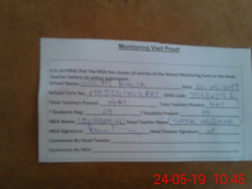 | Attendance Register | Head Teacher | MEA with School | Visit Proof |
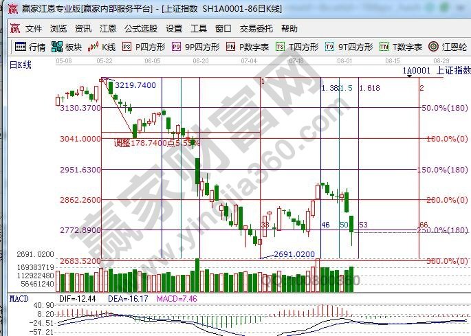 江恩看盤綜述:通過江恩理論系統(tǒng)趨勢、時(shí)間、價(jià)格工具綜合評判市場一星看多(五星評級(jí)標(biāo)準(zhǔn))。大盤日線受生命線反壓下跌向藍(lán)色下軌線尋找支撐,短周期15、30、60分鐘時(shí)價(jià)共振是下跌途中的暫緩信號(hào);空間上,江恩百分比延伸線顯示,連續(xù)兩日市場擊破零度、180度對應(yīng)的2862點(diǎn)、2772點(diǎn),2772點(diǎn)反復(fù)不能收復(fù)則直逼新低; 時(shí)間上,日線時(shí)間點(diǎn)是明天及下周一,周線時(shí)間窗是8月16,大盤月線極反通道藍(lán)色下軌線是2680附近,等待時(shí)間窗口是否與價(jià)格形成共振,在此期間多看少動(dòng),弱勢行情下本金安全是第一位。
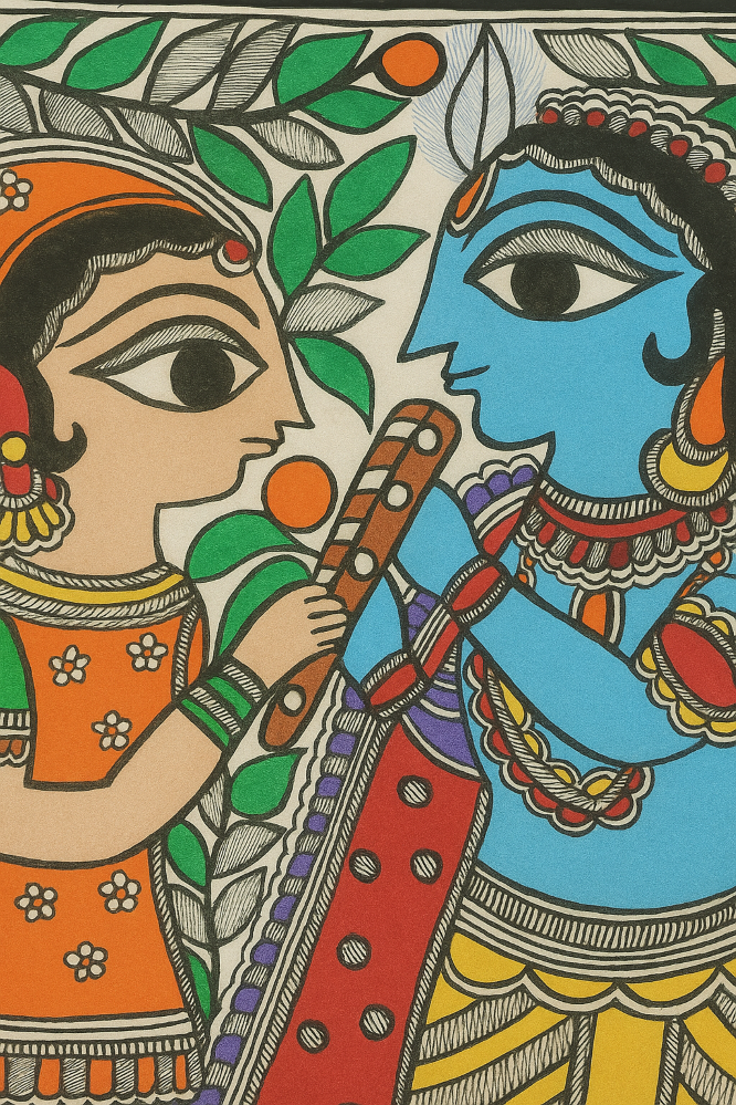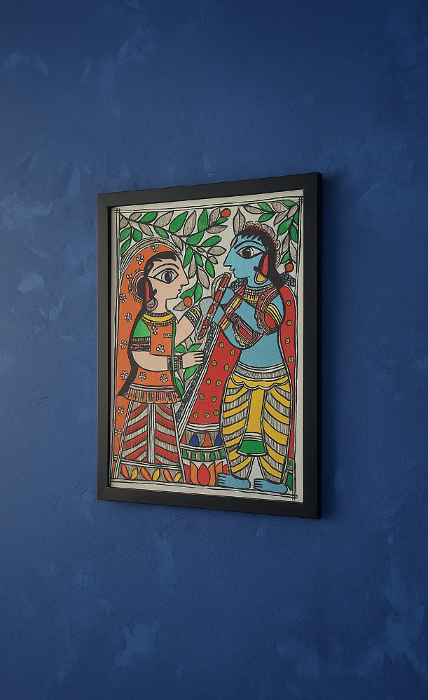 Living rooms | Art galleries | Cultural décor spaces | Traditional gifts | Festivals & celebrations Bright and beautiful Madhubani painting hand-painted on premium Canva paper. This artwork depicts a divine Indian couple in vibrant colours red, blue, yellow, orange, and green — representing love and devotion. Each stroke reflects the cultural richness of Mithila art with intricate detailing and fine black outlines.
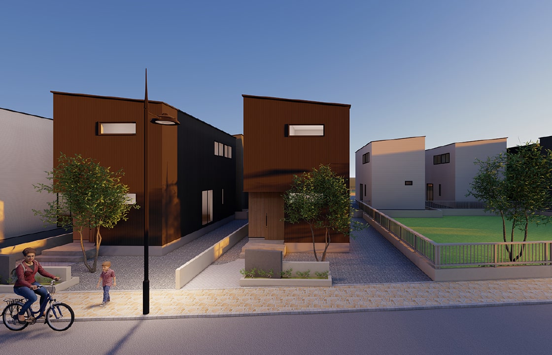 立地に合わせてランカス6棟+駐車場を計画。

Exercise brief:
Please give every line above again word for word, apart from the pictures.

Task solution:
 | Attendance Register | Head Teacher | MEA with School | Visit Proof |
 江恩看盤綜述:通過江恩理論系統(tǒng)趨勢、時(shí)間、價(jià)格工具綜合評判市場一星看多(五星評級(jí)標(biāo)準(zhǔn))。大盤日線受生命線反壓下跌向藍(lán)色下軌線尋找支撐,短周期15、30、60分鐘時(shí)價(jià)共振是下跌途中的暫緩信號(hào);空間上,江恩百分比延伸線顯示,連續(xù)兩日市場擊破零度、180度對應(yīng)的2862點(diǎn)、2772點(diǎn),2772點(diǎn)反復(fù)不能收復(fù)則直逼新低; 時(shí)間上,日線時(shí)間點(diǎn)是明天及下周一,周線時(shí)間窗是8月16,大盤月線極反通道藍(lán)色下軌線是2680附近,等待時(shí)間窗口是否與價(jià)格形成共振,在此期間多看少動(dòng),弱勢行情下本金安全是第一位。
 Living rooms | Art galleries | Cultural décor spaces | Traditional gifts | Festivals & celebrations Bright and beautiful Madhubani painting hand-painted on premium Canva paper. This artwork depicts a divine Indian couple in vibrant colours red, blue, yellow, orange, and green — representing love and devotion. Each stroke reflects the cultural richness of Mithila art with intricate detailing and fine black outlines.
 立地に合わせてランカス6棟+駐車場を計画。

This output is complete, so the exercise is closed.